Вывод из сегодняшнего дня, еще до Верфеля: во что бы то ни стало продолжать работу, грустно, что сегодня это невозможно, я устал и болит голова, она начала болеть еще с утра, в канцелярии. Во что бы то ни стало продолжать работу, несмотря на бессонницу и канцелярию.
5 декабря
Письмо от Э. о положении ее семьи. Мое отношение к семье лишь тогда приобретает для меня настоящий смысл, когда я воспринимаю себя как причину гибели семьи. Это единственное естественное объяснение, начисто отметающее все то, что вызывает удивление. Это и единственная действенная связь, которая в данный момент существует между мною и семьей, ибо в остальном, что касается чувств, я полностью от нее отделен – впрочем, возможно, не более непреодолимо, чем от всего прочего мира. (Мое существование в этом отношении можно сравнить с бесполезной, покрытой снегом и инеем, криво и слабо всаженной в землю жердью, торчащей на глубоко вскопанном поле на краю большой равнины темной зимней ночью.) Только гибель производит впечатление. Я сделал несчастной Ф., ослабил сопротивляемость всех, кто сейчас так нуждается в ней, способствовал смерти ее отца, разъединил Ф. и Э. и, наконец, навлек несчастье и на Э., несчастье, которое, по всей вероятности, будет еще возрастать. Я в него впряжен, мне предназначено усугубить его. Последнее письмо к ней, которое я вымучил из себя, она считает спокойным; оно «дышит покоем», как она выражается. При этом не исключено, что она выражается так из деликатности, желая пощадить меня, тревожась обо мне. Я ведь и так уже в целом достаточно наказан, само мое отношение к семье служит достаточным наказанием, и я перенес такие страдания, что никогда не оправлюсь от них (мой сон, моя память, мои мыслительные способности, моя выносливость в отношении малейших забот непоправимо ослаблены – странным образом это примерно те же следствия, к которым приводит длительное тюремное заключение), но сейчас я мало страдаю из-за моих отношений с семьей, во всяком случае меньше, чем Ф. или Э. Правда, есть нечто мучительное в том, что я теперь должен совершить с Э. рождественское путешествие, в то время как Ф. остается, видимо, в Берлине.
8 декабря
Вчера впервые после долгого перерыва был безусловно способен хорошо работать. И тем не менее написал только первую страницу главы о матери,[77] потому что уже две ночи я почти совсем не спал, потому что с самого утра начинались головные боли и потому что я испытываю слишком большой страх перед завтрашним днем. Снова понял, что все написанное в отрывках и не за полночи (а то и за всю ночь) неполноценно и что условиями своей жизни я обречен на эту неполноценность.
13 декабря
Вместо того чтобы работать – я написал только одну страницу (толкование легенды[78]), – перечитывал готовые главы и нашел их отчасти удачными. Меня постоянно преследует мысль, что чувство удовлетворения и счастья, которое мне дает, например, легенда, должно быть оплачено, причем – чтобы никогда не знать передышки – оно должно быть оплачено тут же.

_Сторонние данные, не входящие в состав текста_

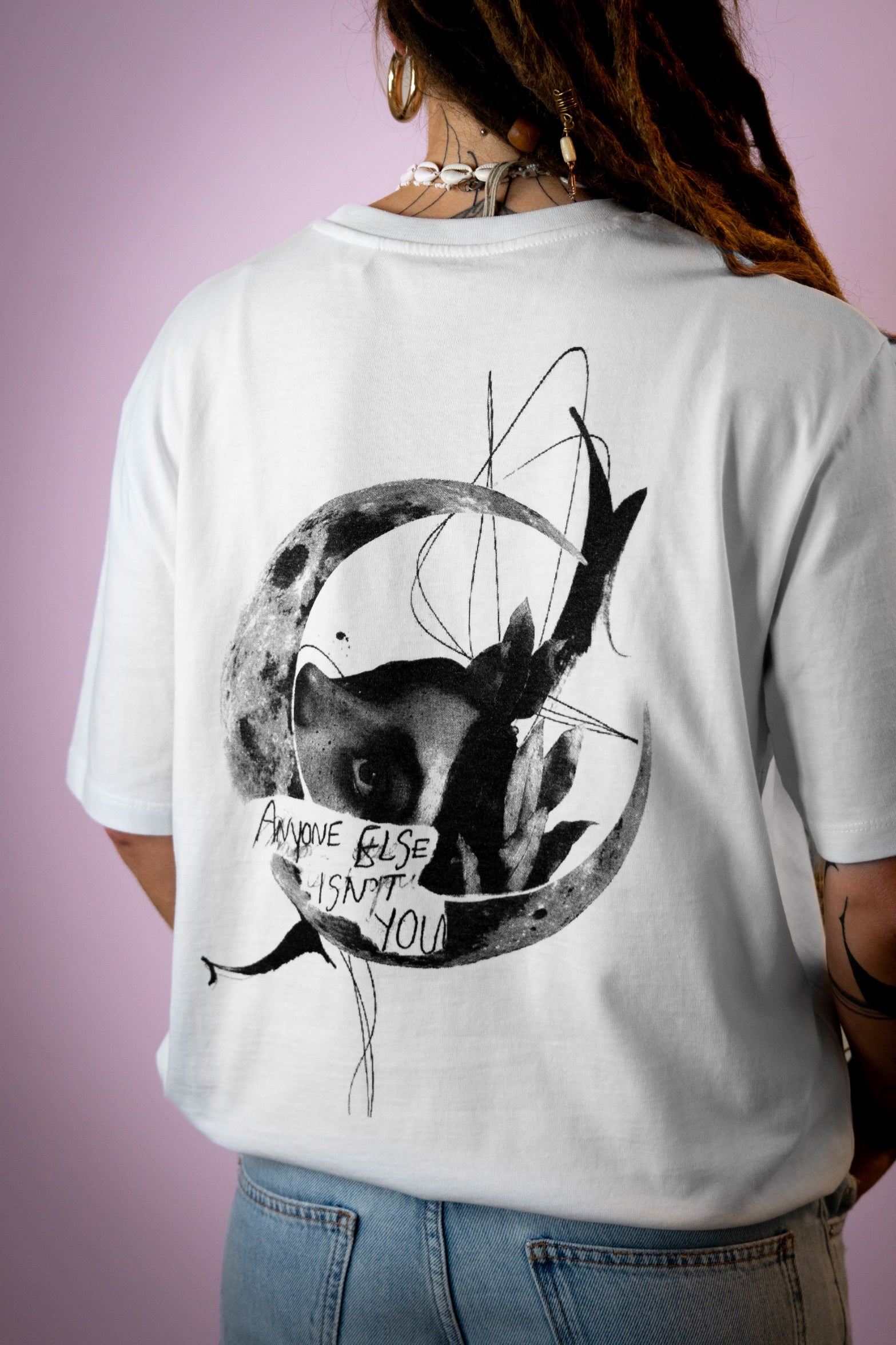 Bildet das Gefühl ab, mit dem Mond zu sprechen und auf eine Antwort zu warten, die längst in uns selbst liegt. Wir wünschen uns, anders zu sein, wie jemand anderes auszusehen – für mich konkret, dass meine Kunst „besser“ wäre und jemand anderem ähnelt – doch wir sind bereits einzigartig, ganz ohne diesen Versuch.
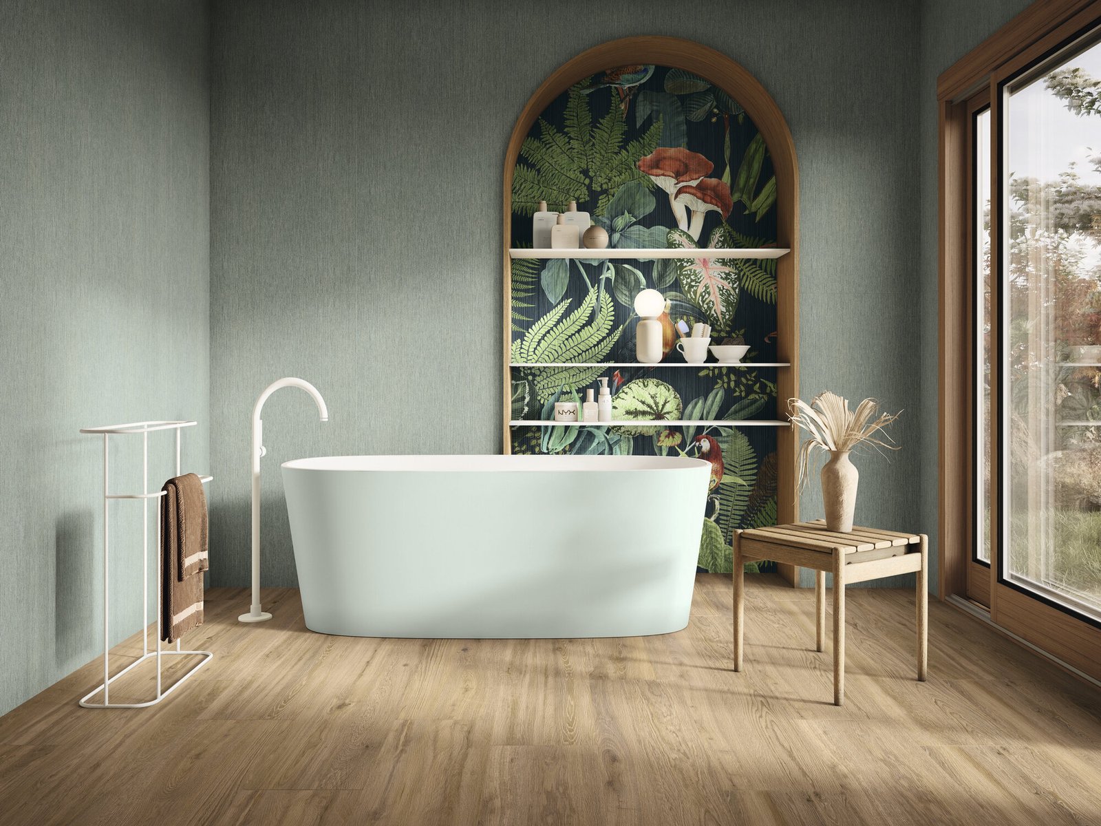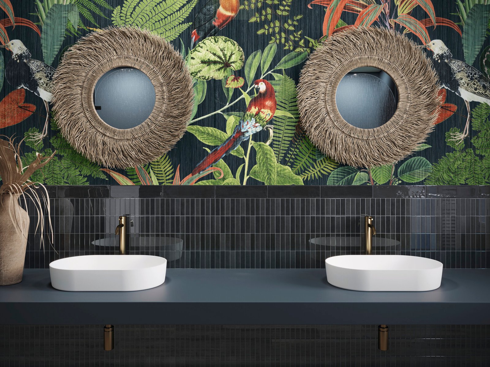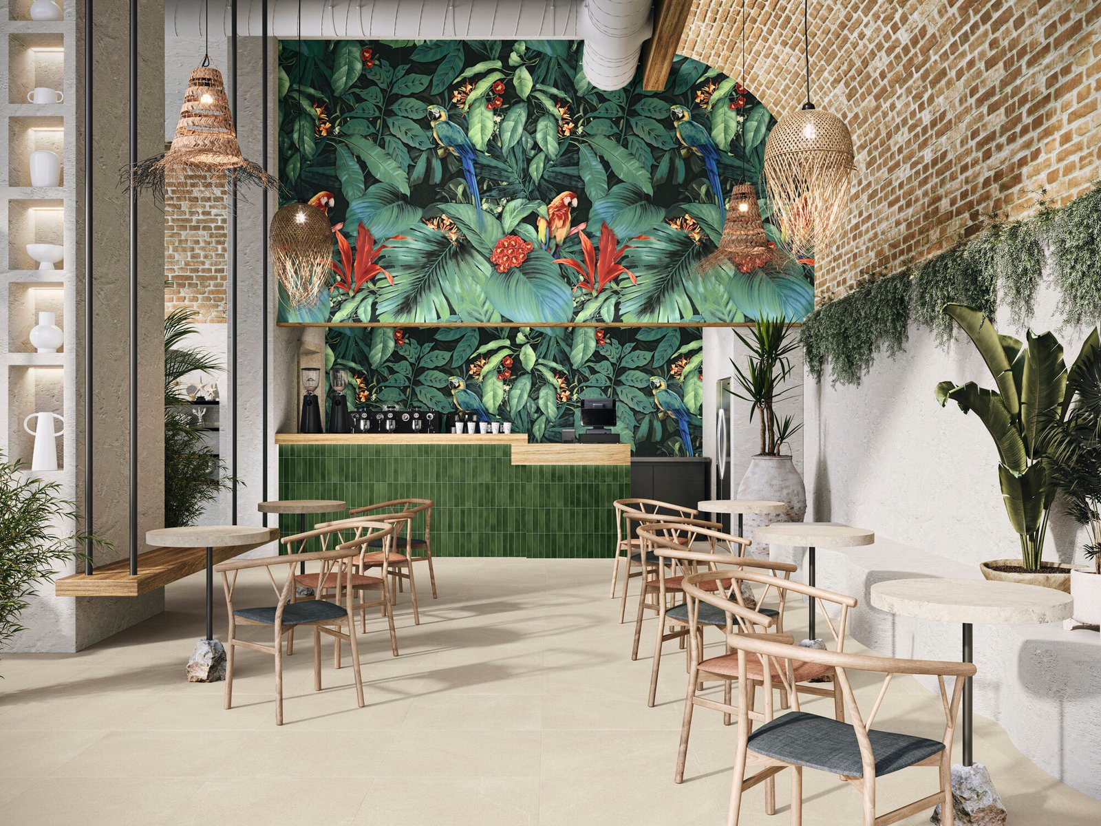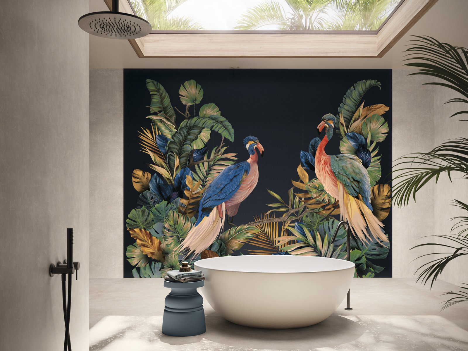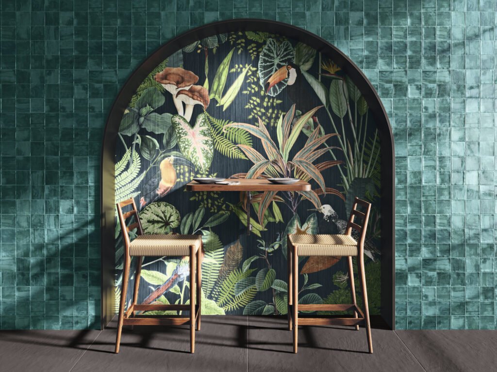 L’estrella indiscutible del format gegantí i lleuger (XLINING), Atelier, fusiona la tècnica altíssima de la producció ceràmica amb el detallisme creatiu d’un fresc o mural de pintors botànics o abstractes. Amb models espectaculars (‘Samoa’, ‘Maui’, ‘Visaya’), reprodueix la selva acolorida, les branques i motius tropicals d’aquarel·les riquíssimes de vida, lliure de les fallades del *paper* fràgil real davant humitat extrema i esquitxades continuades.

На днях был у Феликса. Возвращаясь домой, я сказал Максу, что, если только боли не будут слишком сильными, я на смертном одре буду чувствовать удовлетворение. Я забыл добавить, а потом уже намеренно не сказал, что лучшее из написанного мною исходит из этой готовности помереть удовлетворенным. Во всех сильных и убедительных местах речь всегда идет о том, что кто-то умирает, что ему это очень трудно, что в этом он видит несправедливость по отношению к себе или по меньшей мере жестокость, – читателя, во всяком случае, так мне кажется, это должно тронуть. Для меня же, думающего, что на смертном одре я смогу быть удовлетворенным, такого рода описания втайне являются игрой, я даже радуюсь возможности умереть в умирающем, расчетливо использую сосредоточенное на смерти внимание читателя, у меня гораздо более ясный разум, нежели у него, который, как я полагаю, будет жаловаться на смертном одре, и моя жалоба поэтому наиболее совершенна, она не обрывается внезапно, как настоящая жалоба, а кончается прекрасной и чистой нотой, подобно тому как я всегда жаловался матери на страдания, которые были далеко не такими сильными, какими они представали в жалобе. Правда, перед матерью мне не требовалось столько искусности, сколько перед читателями.
14 декабря
Жалкая попытка ползти вперед – а ведь это, возможно, самое важное место в работе, где так необходима была бы одна хорошая ночь.
77
Отрывок под названием «Поездка к матери» («Fahrt zur Mutter») опубликован в качестве приложения к роману «Процесс».
78
Имеется в виду притча о привратнике у врат Закона, рассказанная К. – герою «Процесса» – священником в соборе.